The needed output is the run of lines below from the one containing "1-Brama Koszalińska, 2-Brama" through the one containing "Outside, numerous terraces", copied exactly and free of pictures.

→ DATA TO EXAMINE:
Content starts
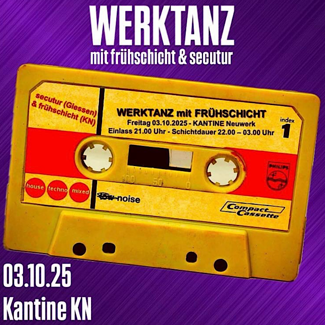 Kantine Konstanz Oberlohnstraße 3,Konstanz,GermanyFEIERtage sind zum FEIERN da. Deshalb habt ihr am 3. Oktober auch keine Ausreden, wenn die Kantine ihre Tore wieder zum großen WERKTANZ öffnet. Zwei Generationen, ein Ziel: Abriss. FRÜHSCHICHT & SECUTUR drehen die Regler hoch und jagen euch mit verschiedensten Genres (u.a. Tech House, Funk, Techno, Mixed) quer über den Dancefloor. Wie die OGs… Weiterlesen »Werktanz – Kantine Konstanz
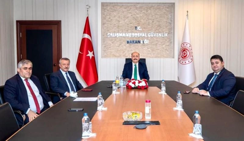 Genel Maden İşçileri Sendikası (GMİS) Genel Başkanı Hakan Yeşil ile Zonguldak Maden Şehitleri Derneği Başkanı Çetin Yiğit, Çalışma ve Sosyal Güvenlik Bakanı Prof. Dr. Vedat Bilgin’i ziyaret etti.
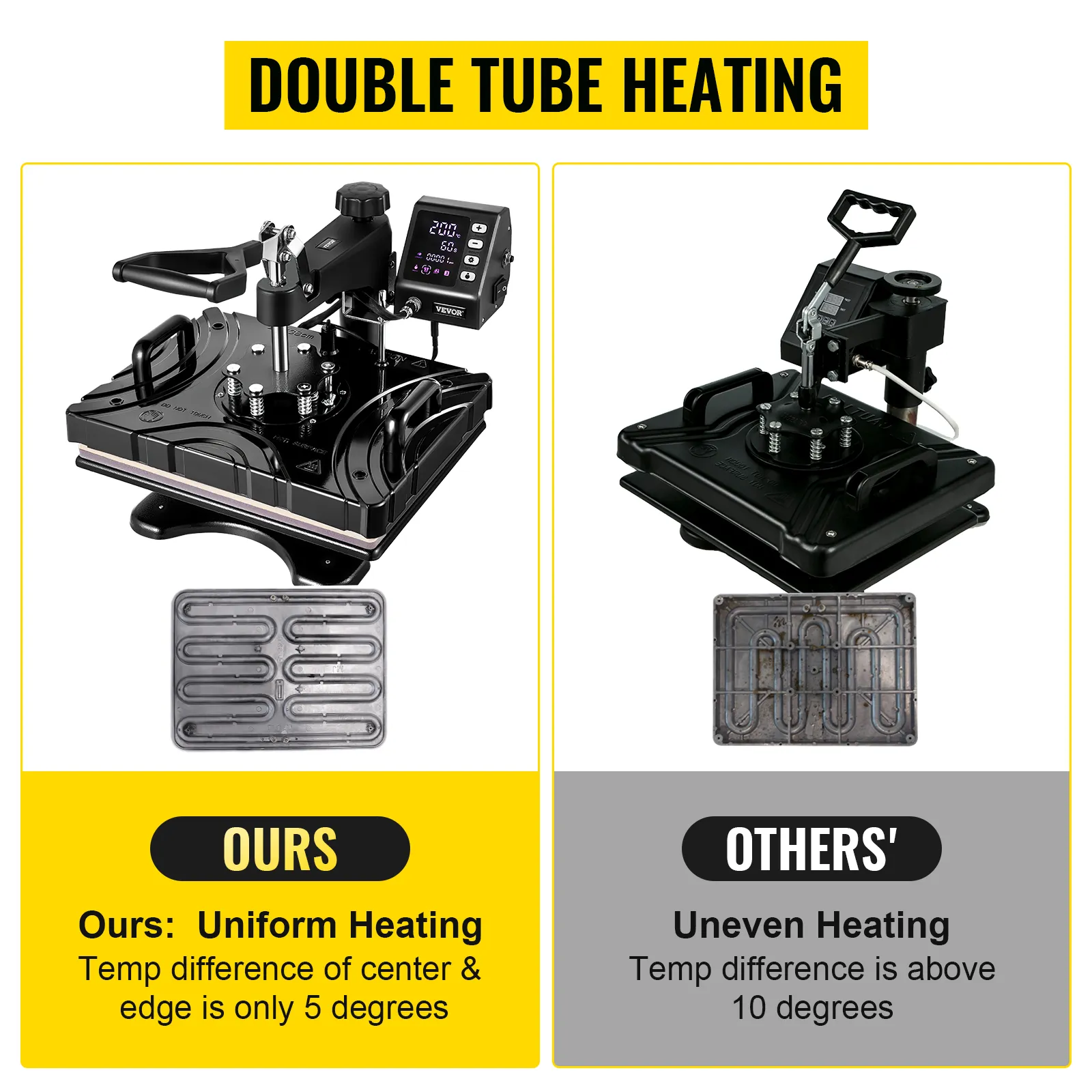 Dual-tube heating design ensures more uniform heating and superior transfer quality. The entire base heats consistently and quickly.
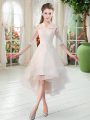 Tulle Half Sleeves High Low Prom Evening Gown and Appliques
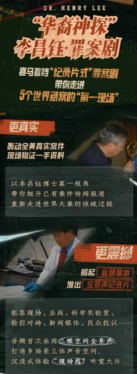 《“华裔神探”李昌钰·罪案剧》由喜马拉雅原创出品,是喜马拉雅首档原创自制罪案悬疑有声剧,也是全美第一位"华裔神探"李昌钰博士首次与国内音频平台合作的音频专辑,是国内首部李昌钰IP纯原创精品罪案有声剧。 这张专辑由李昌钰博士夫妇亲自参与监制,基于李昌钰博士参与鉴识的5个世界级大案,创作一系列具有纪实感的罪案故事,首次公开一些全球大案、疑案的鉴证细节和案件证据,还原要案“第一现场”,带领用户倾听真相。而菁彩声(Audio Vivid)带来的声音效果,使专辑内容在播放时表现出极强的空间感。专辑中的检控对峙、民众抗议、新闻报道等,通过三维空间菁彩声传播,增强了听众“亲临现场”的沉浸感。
Content ends
Content starts
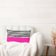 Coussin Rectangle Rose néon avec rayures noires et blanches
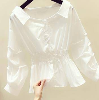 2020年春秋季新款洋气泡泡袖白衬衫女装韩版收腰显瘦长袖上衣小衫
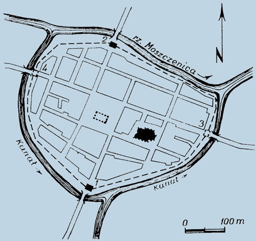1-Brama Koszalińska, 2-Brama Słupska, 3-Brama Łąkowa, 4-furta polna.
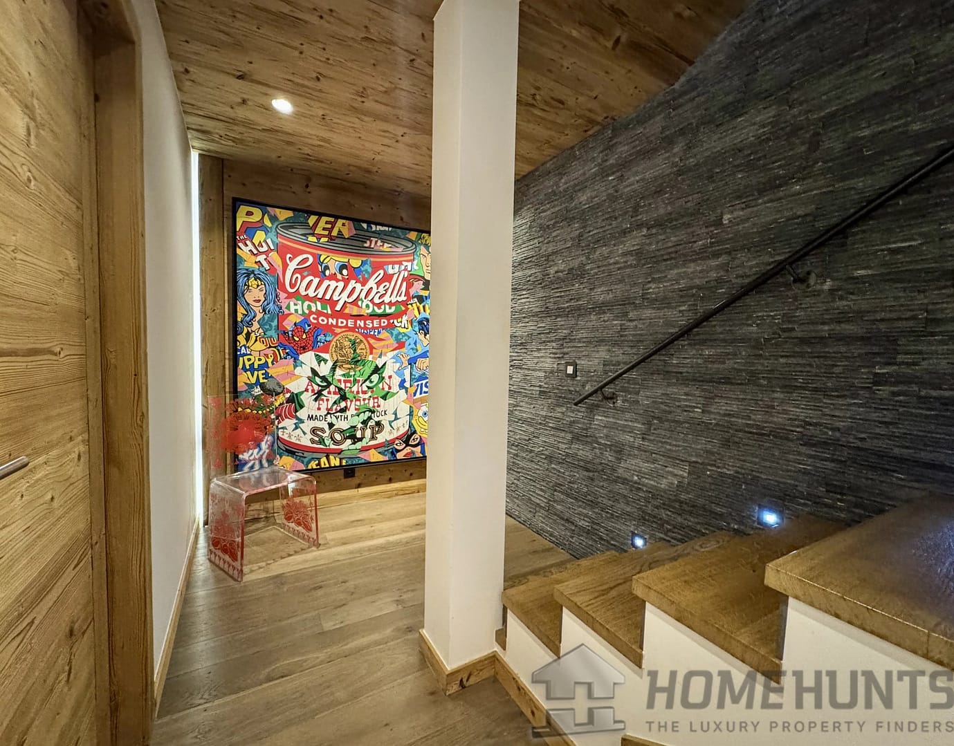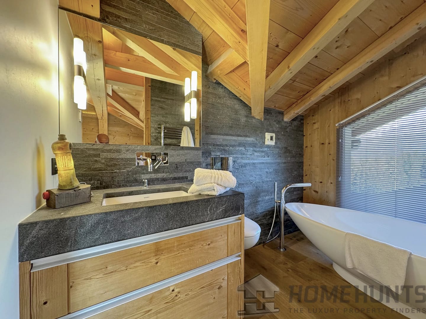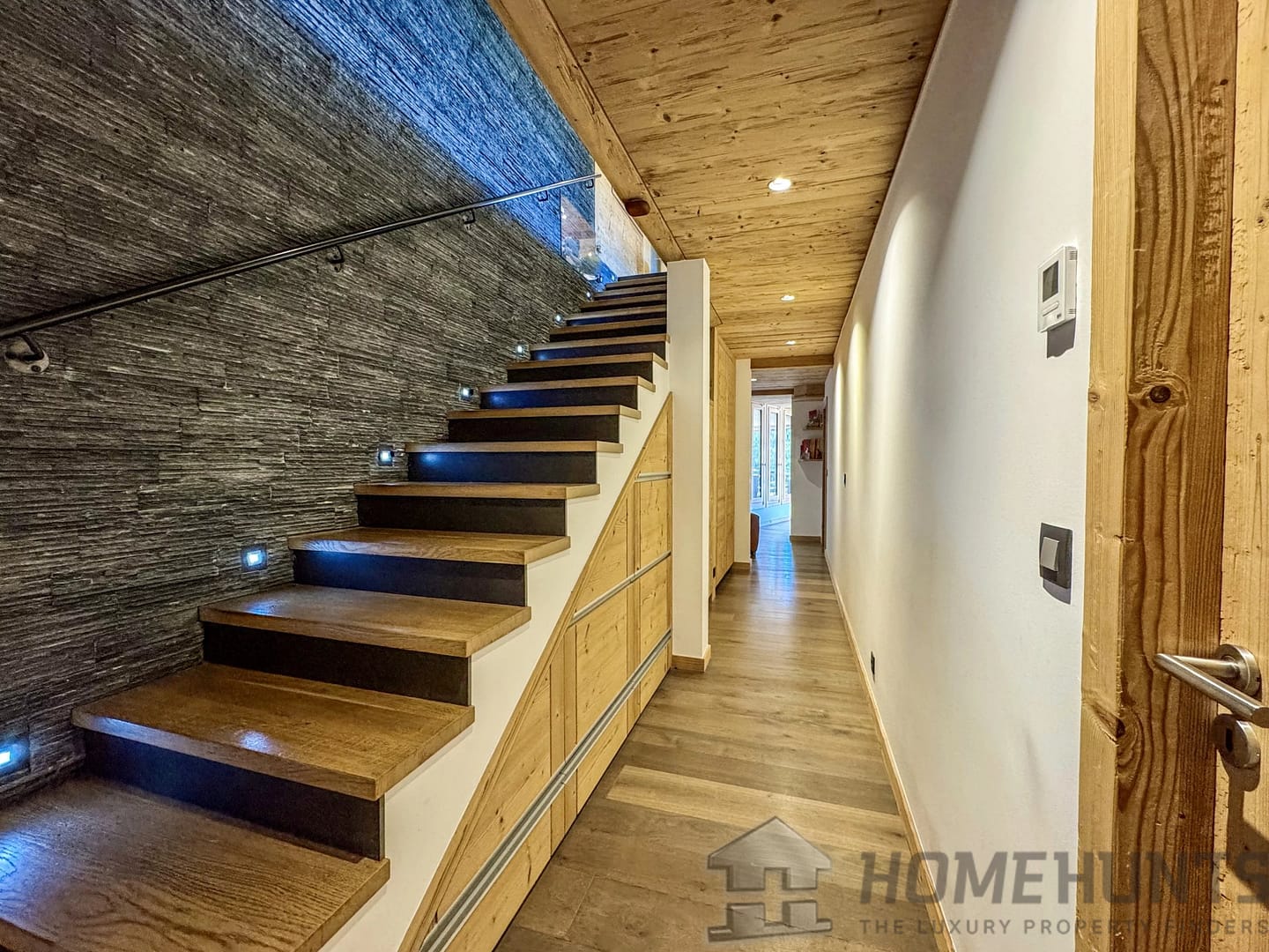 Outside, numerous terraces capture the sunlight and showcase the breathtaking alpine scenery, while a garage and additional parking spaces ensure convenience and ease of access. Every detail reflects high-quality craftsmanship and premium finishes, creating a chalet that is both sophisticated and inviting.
Content ends
→ RESULT FOR THIS TASK:
1-Brama Koszalińska, 2-Brama Słupska, 3-Brama Łąkowa, 4-furta polna.
 Outside, numerous terraces capture the sunlight and showcase the breathtaking alpine scenery, while a garage and additional parking spaces ensure convenience and ease of access. Every detail reflects high-quality craftsmanship and premium finishes, creating a chalet that is both sophisticated and inviting.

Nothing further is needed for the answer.